Quote the entries below from the line with "Midland Mainline Turbostar" through the line with "6000W Digitális Autó", both ends included, and only those lines.
(Beginning of Records to use)
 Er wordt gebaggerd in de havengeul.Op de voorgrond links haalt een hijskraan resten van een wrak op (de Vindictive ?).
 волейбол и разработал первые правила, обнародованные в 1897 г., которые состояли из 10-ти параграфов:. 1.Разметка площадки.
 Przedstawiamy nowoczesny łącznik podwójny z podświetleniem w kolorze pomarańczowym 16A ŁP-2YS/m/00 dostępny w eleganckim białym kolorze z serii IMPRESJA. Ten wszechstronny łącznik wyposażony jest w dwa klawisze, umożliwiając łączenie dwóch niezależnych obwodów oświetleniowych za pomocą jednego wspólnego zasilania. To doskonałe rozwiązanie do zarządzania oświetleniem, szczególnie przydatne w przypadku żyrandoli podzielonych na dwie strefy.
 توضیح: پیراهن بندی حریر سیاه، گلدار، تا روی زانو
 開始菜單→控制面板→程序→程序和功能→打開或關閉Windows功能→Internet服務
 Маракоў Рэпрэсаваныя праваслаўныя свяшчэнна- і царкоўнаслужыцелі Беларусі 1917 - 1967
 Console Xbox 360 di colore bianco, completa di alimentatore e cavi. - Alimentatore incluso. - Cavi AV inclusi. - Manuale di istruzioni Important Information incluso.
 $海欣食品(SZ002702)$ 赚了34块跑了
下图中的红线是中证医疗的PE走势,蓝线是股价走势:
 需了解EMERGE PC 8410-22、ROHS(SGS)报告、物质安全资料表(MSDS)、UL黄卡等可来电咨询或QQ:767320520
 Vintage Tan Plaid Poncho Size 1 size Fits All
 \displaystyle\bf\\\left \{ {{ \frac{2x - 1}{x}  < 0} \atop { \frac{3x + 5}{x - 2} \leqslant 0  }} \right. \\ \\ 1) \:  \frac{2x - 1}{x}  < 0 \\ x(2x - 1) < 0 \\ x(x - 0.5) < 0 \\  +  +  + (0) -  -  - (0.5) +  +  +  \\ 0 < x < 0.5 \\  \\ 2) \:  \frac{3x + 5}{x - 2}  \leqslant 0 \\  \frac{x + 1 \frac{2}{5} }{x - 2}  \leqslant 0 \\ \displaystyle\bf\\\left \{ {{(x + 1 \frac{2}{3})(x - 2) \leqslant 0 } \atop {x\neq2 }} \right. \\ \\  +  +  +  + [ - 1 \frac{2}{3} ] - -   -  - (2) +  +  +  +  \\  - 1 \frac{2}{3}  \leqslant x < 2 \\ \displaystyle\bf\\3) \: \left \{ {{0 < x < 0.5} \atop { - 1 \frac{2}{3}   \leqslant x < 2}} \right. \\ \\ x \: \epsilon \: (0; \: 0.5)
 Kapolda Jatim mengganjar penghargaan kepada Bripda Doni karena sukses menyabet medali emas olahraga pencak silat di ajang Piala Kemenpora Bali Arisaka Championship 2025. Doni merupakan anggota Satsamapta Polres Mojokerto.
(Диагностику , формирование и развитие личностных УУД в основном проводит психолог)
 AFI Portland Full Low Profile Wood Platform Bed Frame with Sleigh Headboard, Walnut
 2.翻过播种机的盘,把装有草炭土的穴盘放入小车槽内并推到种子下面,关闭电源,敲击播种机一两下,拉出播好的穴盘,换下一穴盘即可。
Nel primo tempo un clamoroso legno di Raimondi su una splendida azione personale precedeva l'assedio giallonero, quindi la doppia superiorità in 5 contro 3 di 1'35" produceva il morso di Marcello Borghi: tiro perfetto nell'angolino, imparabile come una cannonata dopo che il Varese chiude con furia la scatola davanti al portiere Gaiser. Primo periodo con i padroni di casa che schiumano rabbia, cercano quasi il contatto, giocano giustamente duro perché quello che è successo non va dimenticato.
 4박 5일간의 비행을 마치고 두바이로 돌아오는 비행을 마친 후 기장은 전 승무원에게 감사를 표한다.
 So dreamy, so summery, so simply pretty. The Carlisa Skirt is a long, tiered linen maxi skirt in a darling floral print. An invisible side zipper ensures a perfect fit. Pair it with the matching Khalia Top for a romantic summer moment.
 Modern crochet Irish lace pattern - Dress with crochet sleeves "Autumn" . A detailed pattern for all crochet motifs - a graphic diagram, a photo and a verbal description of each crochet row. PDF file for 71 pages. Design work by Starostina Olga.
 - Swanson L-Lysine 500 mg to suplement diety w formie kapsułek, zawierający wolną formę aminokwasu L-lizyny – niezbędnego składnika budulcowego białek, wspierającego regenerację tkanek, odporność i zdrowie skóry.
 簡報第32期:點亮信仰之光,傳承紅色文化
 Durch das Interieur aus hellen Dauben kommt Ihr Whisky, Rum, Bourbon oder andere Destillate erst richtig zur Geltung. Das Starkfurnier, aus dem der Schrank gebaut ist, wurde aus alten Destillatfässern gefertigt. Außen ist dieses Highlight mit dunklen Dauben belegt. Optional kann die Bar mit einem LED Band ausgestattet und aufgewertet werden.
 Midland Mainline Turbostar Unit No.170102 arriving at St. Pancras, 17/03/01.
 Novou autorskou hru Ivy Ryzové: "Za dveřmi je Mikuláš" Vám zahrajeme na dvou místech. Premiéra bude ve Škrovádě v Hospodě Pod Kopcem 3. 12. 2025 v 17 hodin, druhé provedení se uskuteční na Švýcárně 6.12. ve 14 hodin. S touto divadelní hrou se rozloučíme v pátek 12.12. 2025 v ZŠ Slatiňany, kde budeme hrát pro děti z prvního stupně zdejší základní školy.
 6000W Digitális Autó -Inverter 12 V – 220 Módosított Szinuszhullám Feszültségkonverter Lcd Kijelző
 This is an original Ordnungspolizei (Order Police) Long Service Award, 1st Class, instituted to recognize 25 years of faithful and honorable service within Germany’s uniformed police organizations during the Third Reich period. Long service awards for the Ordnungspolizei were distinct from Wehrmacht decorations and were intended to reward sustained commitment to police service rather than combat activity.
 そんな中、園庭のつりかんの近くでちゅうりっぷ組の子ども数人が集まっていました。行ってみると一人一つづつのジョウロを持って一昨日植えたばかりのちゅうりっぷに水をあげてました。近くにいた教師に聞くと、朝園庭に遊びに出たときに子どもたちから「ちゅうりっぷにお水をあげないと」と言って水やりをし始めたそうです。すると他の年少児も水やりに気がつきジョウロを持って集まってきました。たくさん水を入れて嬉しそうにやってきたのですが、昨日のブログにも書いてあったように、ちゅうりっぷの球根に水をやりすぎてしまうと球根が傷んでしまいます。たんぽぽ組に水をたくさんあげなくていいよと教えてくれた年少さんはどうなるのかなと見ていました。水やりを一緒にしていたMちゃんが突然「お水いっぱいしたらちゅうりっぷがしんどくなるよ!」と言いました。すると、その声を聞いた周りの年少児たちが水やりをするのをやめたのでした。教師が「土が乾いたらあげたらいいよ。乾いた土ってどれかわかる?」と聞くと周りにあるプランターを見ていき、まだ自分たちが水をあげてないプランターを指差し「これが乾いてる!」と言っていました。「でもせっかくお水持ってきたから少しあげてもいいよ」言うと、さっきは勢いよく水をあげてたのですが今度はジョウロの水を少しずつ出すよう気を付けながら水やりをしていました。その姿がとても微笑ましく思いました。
(End of Records to use)
__Answer to this task__
 Midland Mainline Turbostar Unit No.170102 arriving at St. Pancras, 17/03/01.
 Novou autorskou hru Ivy Ryzové: "Za dveřmi je Mikuláš" Vám zahrajeme na dvou místech. Premiéra bude ve Škrovádě v Hospodě Pod Kopcem 3. 12. 2025 v 17 hodin, druhé provedení se uskuteční na Švýcárně 6.12. ve 14 hodin. S touto divadelní hrou se rozloučíme v pátek 12.12. 2025 v ZŠ Slatiňany, kde budeme hrát pro děti z prvního stupně zdejší základní školy.
 6000W Digitális Autó -Inverter 12 V – 220 Módosított Szinuszhullám Feszültségkonverter Lcd Kijelző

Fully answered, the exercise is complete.